* DATA *
>>>>

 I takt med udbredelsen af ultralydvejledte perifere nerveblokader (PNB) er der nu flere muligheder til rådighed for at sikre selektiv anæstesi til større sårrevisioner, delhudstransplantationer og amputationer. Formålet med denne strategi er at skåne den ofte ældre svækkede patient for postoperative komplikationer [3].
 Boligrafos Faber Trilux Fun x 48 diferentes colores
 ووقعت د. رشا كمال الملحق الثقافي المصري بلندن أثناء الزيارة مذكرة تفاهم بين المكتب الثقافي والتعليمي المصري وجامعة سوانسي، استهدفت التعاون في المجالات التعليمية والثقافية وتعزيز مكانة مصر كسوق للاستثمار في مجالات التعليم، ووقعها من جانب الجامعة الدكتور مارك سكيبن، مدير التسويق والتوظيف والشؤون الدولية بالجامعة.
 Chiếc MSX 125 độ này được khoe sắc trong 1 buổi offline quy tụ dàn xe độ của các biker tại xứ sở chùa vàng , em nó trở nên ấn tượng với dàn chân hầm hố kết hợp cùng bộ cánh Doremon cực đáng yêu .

<<<<
>>>>

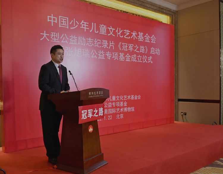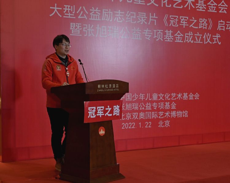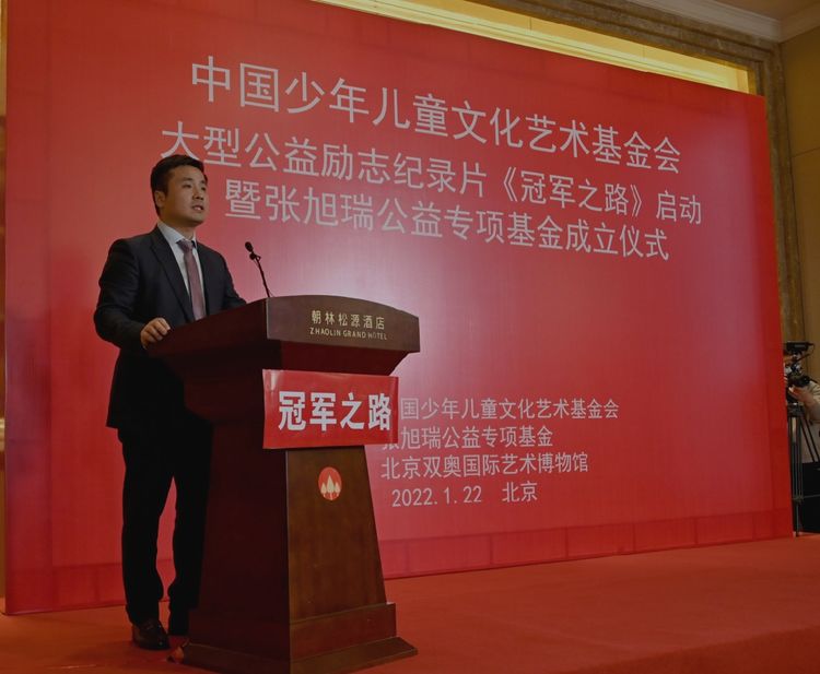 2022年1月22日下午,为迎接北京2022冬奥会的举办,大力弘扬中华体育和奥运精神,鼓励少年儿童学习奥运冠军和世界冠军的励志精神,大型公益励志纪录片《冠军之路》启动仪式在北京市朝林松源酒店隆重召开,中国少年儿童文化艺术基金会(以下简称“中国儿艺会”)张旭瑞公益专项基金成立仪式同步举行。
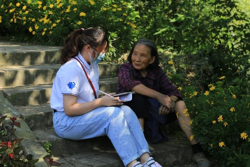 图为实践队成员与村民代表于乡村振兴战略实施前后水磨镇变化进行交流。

<<<<
>>>>

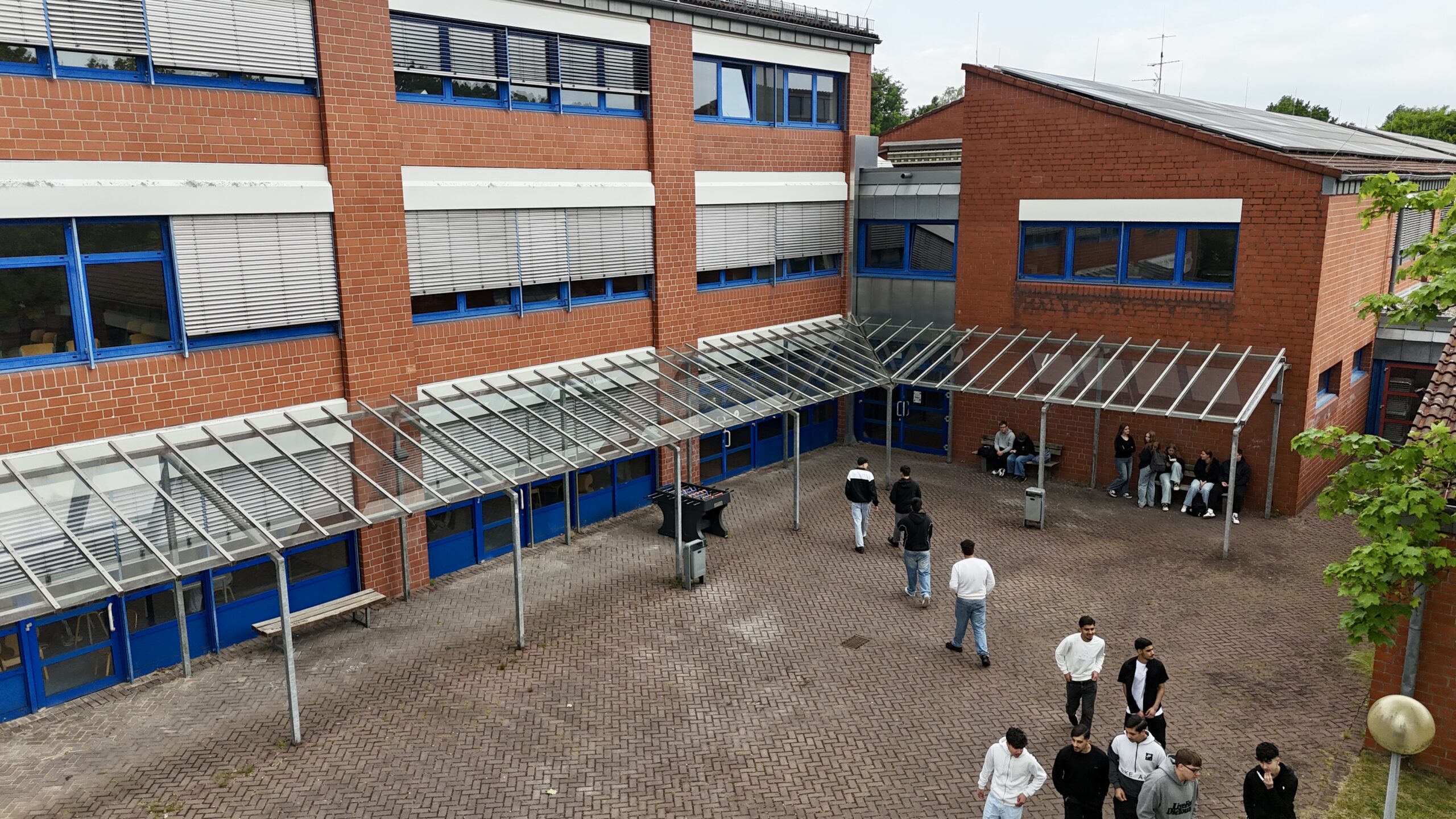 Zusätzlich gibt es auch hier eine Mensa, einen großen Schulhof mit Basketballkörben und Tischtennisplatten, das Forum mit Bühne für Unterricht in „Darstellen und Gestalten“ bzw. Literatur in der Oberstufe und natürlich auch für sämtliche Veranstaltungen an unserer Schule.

<<<<

* THE TASK *
Please output exactly the lines between the one holding "I takt med udbredelsen" and the one holding "Boligrafos Faber Trilux" in the records above, inclusive, and nothing more.

* RESPONSE FOR THIS EXERCISE *
 I takt med udbredelsen af ultralydvejledte perifere nerveblokader (PNB) er der nu flere muligheder til rådighed for at sikre selektiv anæstesi til større sårrevisioner, delhudstransplantationer og amputationer. Formålet med denne strategi er at skåne den ofte ældre svækkede patient for postoperative komplikationer [3].
 Boligrafos Faber Trilux Fun x 48 diferentes colores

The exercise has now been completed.